Alleged Minimum Requirements for Honeycomb Emerge
Mountain View-based Internet giant Google is hard at work with the development of the next flavor of its Android operating system, dubbed Honeycomb, and some new details on it have just emerged.Apparently, the new OS iteration would have some minimum requirements put in place, such as the fact that it won't run on lower application processors than a dual-core ARM Cortex-A9 CPU.
Moreover, the new Android release might not fit inside smartphones in the beginning, but it would be released only for tablet PCs it seems, being greatly optimized for the larger screens these devices pack.
Apparently, the next Android platform version won't be fit for screens smaller than 7-inches, nor on those that boast a resolution lower than 1280 x 720 pixels.
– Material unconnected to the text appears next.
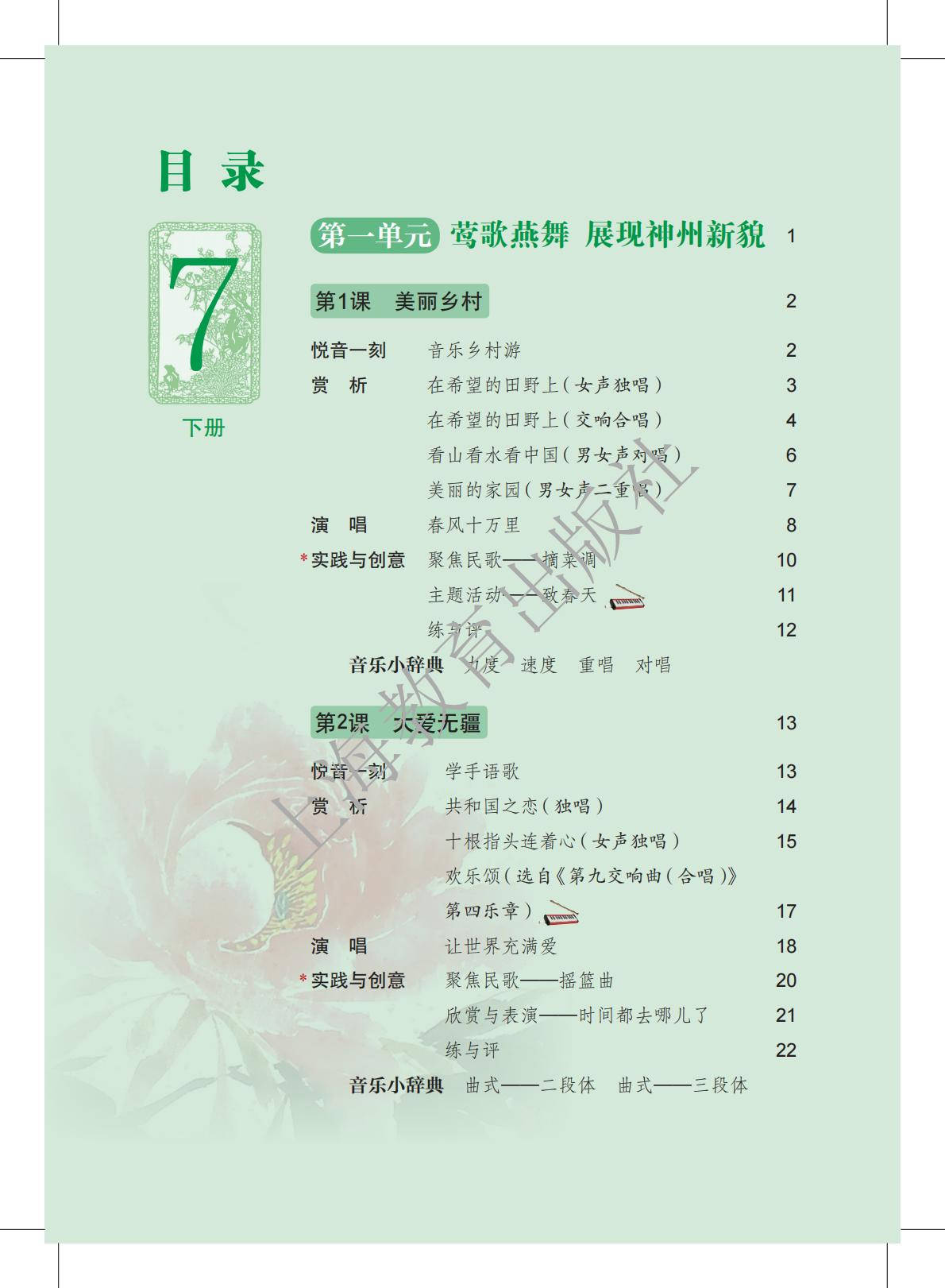 2026沪教版七年级音乐下册电子课本(新教材高清PDF版)就为您介绍到这里,资源来源于网络,仅为学习交流之目的进行分享,其版权均归原出版社及作者所有。

Most probably, 10-inch tablet PCs would be the most common devices with the new OS flavor on board.
These pieces of info come from the director of Enspert, a Korean consumer electronics company which has just released its own tablet PC running under Android, cited by PC Magazine.
Provided that these requirements were indeed put in place for all new devices that would land on the market with the next Android release on board, current devices, such as Samsung Galaxy Tab, or other tablet PCs, won't be upgradeable to Honeycomb.
Nvidia's Tegra 2 platform is the chipset to include a Cortex-A9 processor, and none of the current tablet PCs powered by Android includes it.
However, the first such devices might become official as soon as this week, during the Consumer Electronics Show in Las Vegas, two days from now.
We already know that Motorola has plans for unveiling such a tablet PC, since the company touted the upcoming device a few times before, and rumor has it that other handset vendors, including LG and Samsung, might also join the party.
It would be interesting to see whether Google has indeed put in place those requirements or not, especially since some previous rumors suggested that Honeycomb wouldn't be too different from Gingerbread.
The company already has another OS aimed at larger screens, the Chrome OS, which fits with netbooks and the like, while the Android platform was meant for the smaller screens of mobile phones.